How Can the Capabilities of Primary Seal Materials be Improved?

Written by:
Fluid Sealing Association

One approach to improving mechanical seal performance is to upgrade to a sintered silicon carbide composite material. Silicon carbide based materials have been increasing the limits of mechanical seals for more than 25 years, starting with Chemical Vapor Reacted (CVR) silicon carbide whose cross section resembles that of a piece of M&M'S® candy. The porous outer surface is a combination of silicon carbide and graphite. This surface coating encapsulates a carbon-graphite core. This material provided a hardened surface with a unique topography for increased interfacial lubrication.

However, it needed an impregnation to make it impervious for sealing applications. The graphite core also limited desirable physical characteristics such as high elastic modulus. This material did demonstrate that a hard, non-self-lubricating material could be run against itself and improve performance to a primary seal pair.

Reaction Bonded Silicon Carbide

Homogeneous materials such as reaction bonded silicon carbide provided the advantages of lower porosity, higher elastic modulus (stiffness) and improved thermal conductivity and tribological behavior.
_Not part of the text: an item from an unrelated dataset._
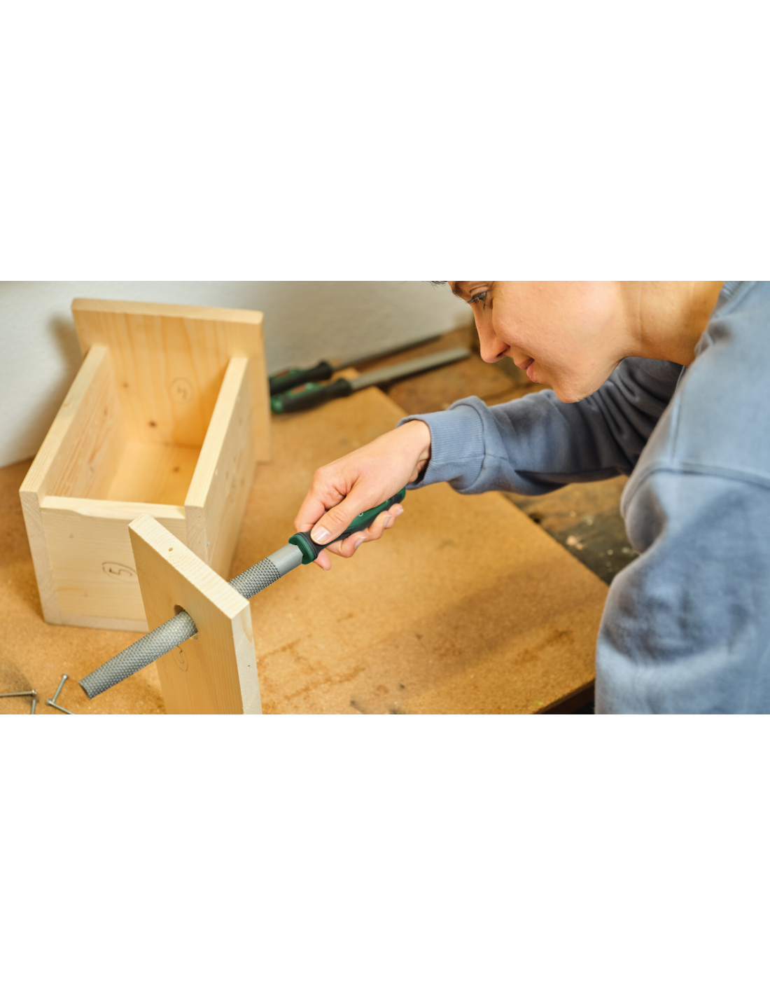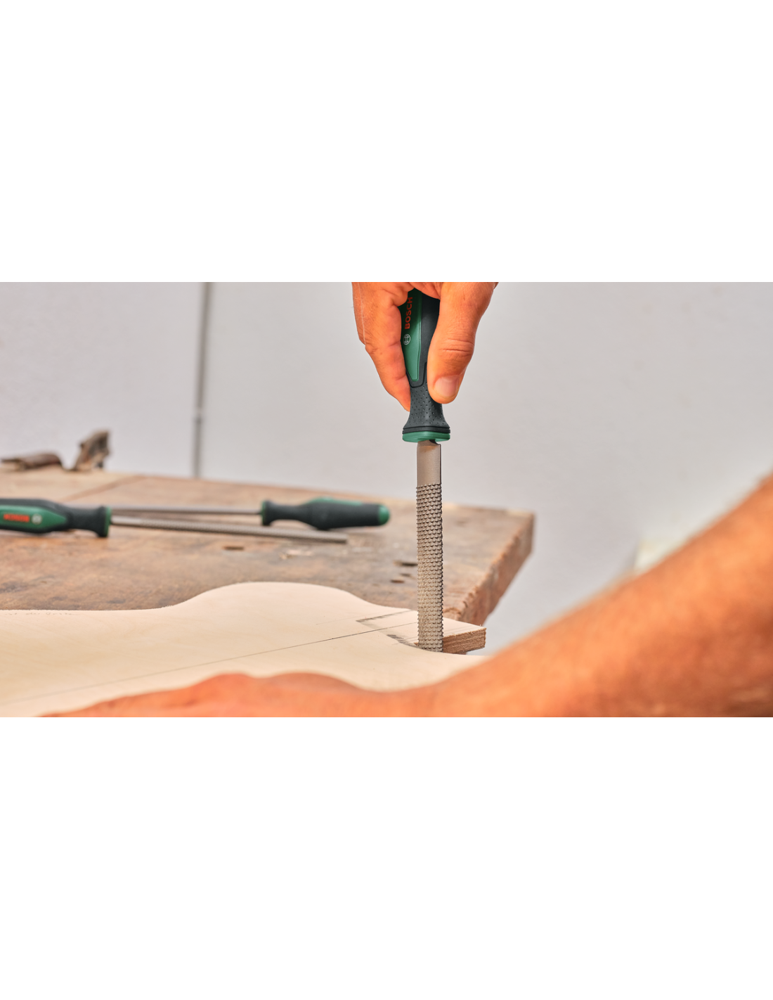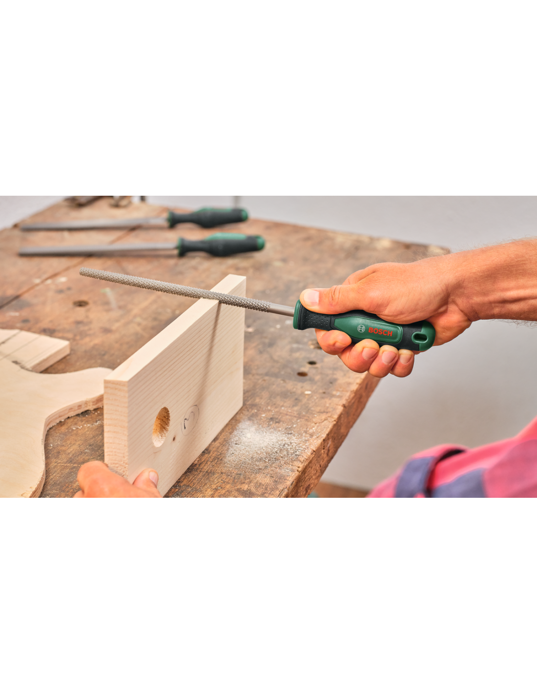 Este set de 3 escofinas de Bosch está diseñado para trabajar en madera de forma versátil y sin esfuerzo. Escofinas robustas y ergonómicas, de acero endurecido al carbono, para un acabado y moldeado de madera perfectos. Cuando se trata de trabajos de bricolaje en madera, el set de 3 escofinas de Bosch, que incluye escofina plana, de media caña y redondeada de 200 mm, es la elección perfecta para fabricar muebles, reparar accesorios o restaurar antigüedades. Estas escofinas de acero al carbono duro de alta calidad cuentan con una cuchilla de dos bordes de rugosidad media para lograr un acabado y alisado eficientes de la madera. Gracias a sus mangos engomados ergonómicos con hendiduras para el pulgar, permiten trabajar con la madera con mayor comodidad y control. Para un almacenaje y acceso rápidos, estas escofinas se proporcionan con prácticos orificios para colgar.

Initially, the costs associated with the processing of this family of materials somewhat limited their use to high duty applications with less aggressive chemicals. These materials required extensive grinding and the free silicon in the structure was susceptible to highly caustic or acidic environments.

This family of materials quickly gained acceptance in a variety of applications as contact pressures could be increased with less face deflection than that of metallic materials. Normal protocol was to run a high duty, hard, mechanical carbon-graphite against the reaction bonded silicon carbide.

Sintered Silicon Carbide

The need for greater abrasion and chemical resistance drove the development of sintered silicon carbide. Because of the chemical resistance in virtually all corrosive environments sintered (aka, self-sintered, direct sintered or pressure less sintered) silicon carbide began to enter the market. This material could be formed into specific shapes and then sintered to, or nearly to, the finished size, limiting the amount of expensive grinding for the finished item.
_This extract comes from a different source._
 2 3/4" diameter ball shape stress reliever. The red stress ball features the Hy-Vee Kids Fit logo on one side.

This reduction in production cost, coupled with the homogeneous nature of the material, enabled its use in highly corrosive environments and higher volume applications. It began to displace other materials such as alumina where higher pressure-velocity (P-V) capabilities were required. (The P-V parameter is an index of the severity of the application. It is a relative measure of the material pair and is affected by other variables such as the fluid being sealed.)

Unfortunately, this virtually impervious material does not have all the tribological characteristics of a reaction bonded silicon carbide, nor can it run at the higher duties of that material.

Figure 1. Graphite-loaded sintered SiC structure

Figure 1. Graphite-loaded sintered SiC structure

Graphite-Loaded Silicon Carbide

The marriage of silicon carbide and graphite was a normal progression. Graphite initially was added to reaction-bonded silicon carbide and quickly exhibited an increase in the performance capabilities of hard face combinations. While strength is reduced somewhat and the ability to handle abrasives is not as good as that of pure silicon carbide, tribological behavior is improved significantly. Using this type of material in at least one of the two hard faces extended the seal life cycle in some cases from minutes (i.e., unacceptable) to hundreds of hours.

Graphite-loaded sintered silicon carbide was more recently applied in hard face combinations. This unique family of composite materials has the benefits of sintered silicon carbide while incorporating a second, abradable phase that provides pockets or reservoirs for the "storage" of fluid.

These composite silicon carbide hard face combinations enable higher contact pressures and speeds by improving interfacial lubrication in the same way a matte lap finish does. As shown in Figure 2, both graphite-loaded silicon carbide composites running against themselves have the highest relative P-V values of any of the hard-face pairs. When they are combined with a carbon-graphite mating material, P-V is further enhanced.

The reservoir's configuration is critical so as to not create other issues during operation. Specifically, edge breakdown around the reservoir can create debris that then damages the interface. A graphite-loaded sintered silicon carbide composite with properly configured reservoirs can provide for a smooth transition between the reservoir and the silicon carbide matrix.

Because of the uniformity of these composites, their characteristic performance will not change during operation, which can happen with matte lapping or other shallow surface treatments. Once the benefits of the matte lap have been removed, tribological behavior can change, especially during start-stop situations. Other surface treatments, should they separate from the substrate, can cause rapid and extensive damage to the interface.